Mr. Ambury replaces Ami Trauber, who has served as CFO since 2001. The Partnership also announced the elimination of the Chief Marketing Officer position, formerly held by David Shinnebarger. The changes are a continuation of Star’s realignment of its senior management team and cost-cutting efforts following the sale of the propane division in December 2004 and the appointments in March of Joe Cavanaugh to Chief Executive Officer and Dan Donovan to President and Chief Operating Officer.

 

Commenting on the recent management changes, Star’s CEO Joe Cavanaugh stated, “In our effort to configure the best possible management team for Star, we are pleased to promote Rich to CFO. He brings a wealth of financial and capital markets expertise, as well as years of industry experience to the position.

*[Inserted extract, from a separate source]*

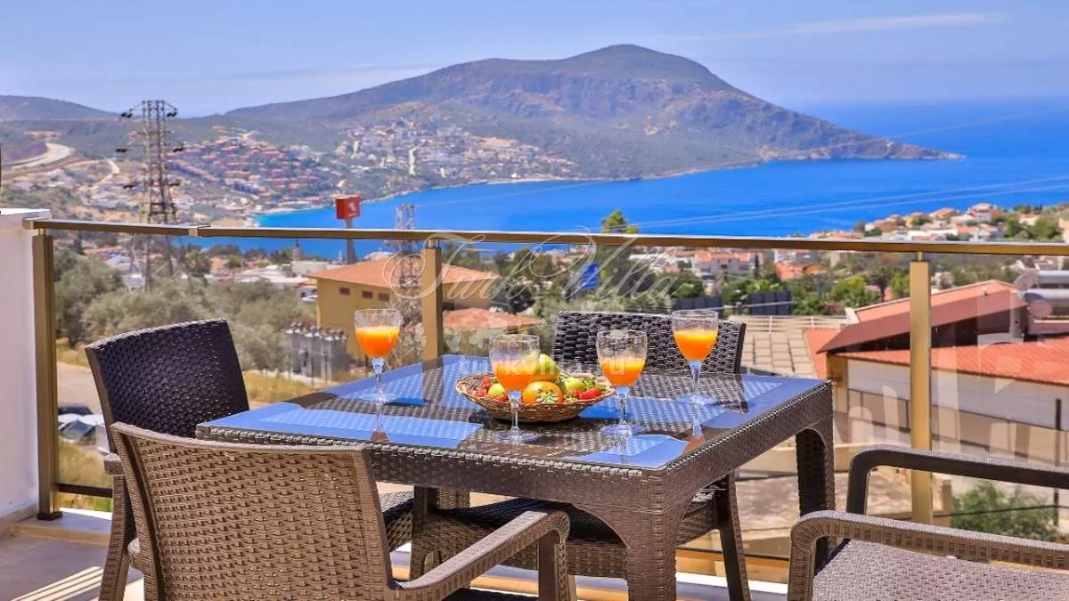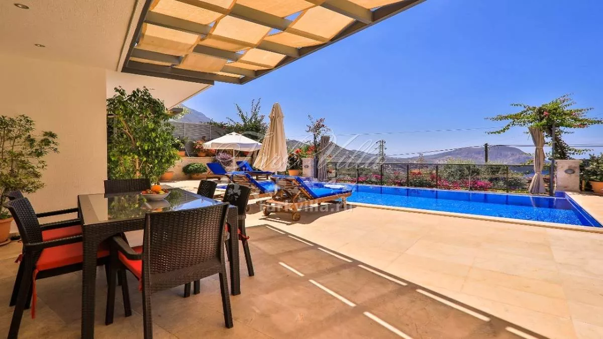 Терраса виллы предлагает великолепный панорамный вид на море и горы. Гости могут пользоваться открытым бассейном, зонами для отдыха, шезлонгами, обеденным столом на 6 персон, солнцезащитными зонтами, а также барбекю.

We want to wish Ami and David well in their future endeavors.”

 

Mr. Ambury has served as Vice President and Treasurer of Star since March 1999. From 1996 through 2001, he was Vice President of Star’s propane segment. Mr. Ambury was employed by Petro from 1983 through 1996, where he served in various accounting/finance capacities. From 1979 to 1983, he was employed by a predecessor firm of KPMG, a public accounting firm. Mr. Ambury has been a Certified Public Accountant since 1981. Star Gas Partners, L.P. is the nation’s largest retail distributor of home heating oil. Additional information is available at www.star-gas.com.

 

- more -


This news release includes “forward-looking statements” which represent the Partnership’s expectations or beliefs concerning future events that involve risks and uncertainties, including those associated with the effect of weather conditions on the Partnership’s financial performance, the price and supply of home heating oil, the consumption patterns of the Partnership’s customers, the Partnership’s ability to obtain satisfactory gross profit margins, the ability of the Partnership to obtain new accounts and retain existing accounts, the impact of the business process redesign project at the heating oil segment and the ability of the Partnership to address issues related to such project. All statements other than statements of historical facts included in this Report including, without limitation, the statements under “Management’s Discussion and Analysis of Financial Condition and Results of Operations” and elsewhere herein, are forward-looking statements. Although the Partnership believes that the expectations reflected in such forward-looking statements are reasonable, it can give no assurance that such expectations will prove to have been correct. Important factors that could cause actual results to differ materially from the Partnership’s expectations (“Cautionary Statements”) are disclosed in this Report and in the Partnership’s Annual Report on Form 10-K for the year ended September 30, 2004 including without limitation and in conjunction with the forward-looking statements included in this Report. All subsequent written and oral forward-looking statements attributable to the Partnership or persons acting on its behalf are expressly qualified in their entirety by the Cautionary Statements.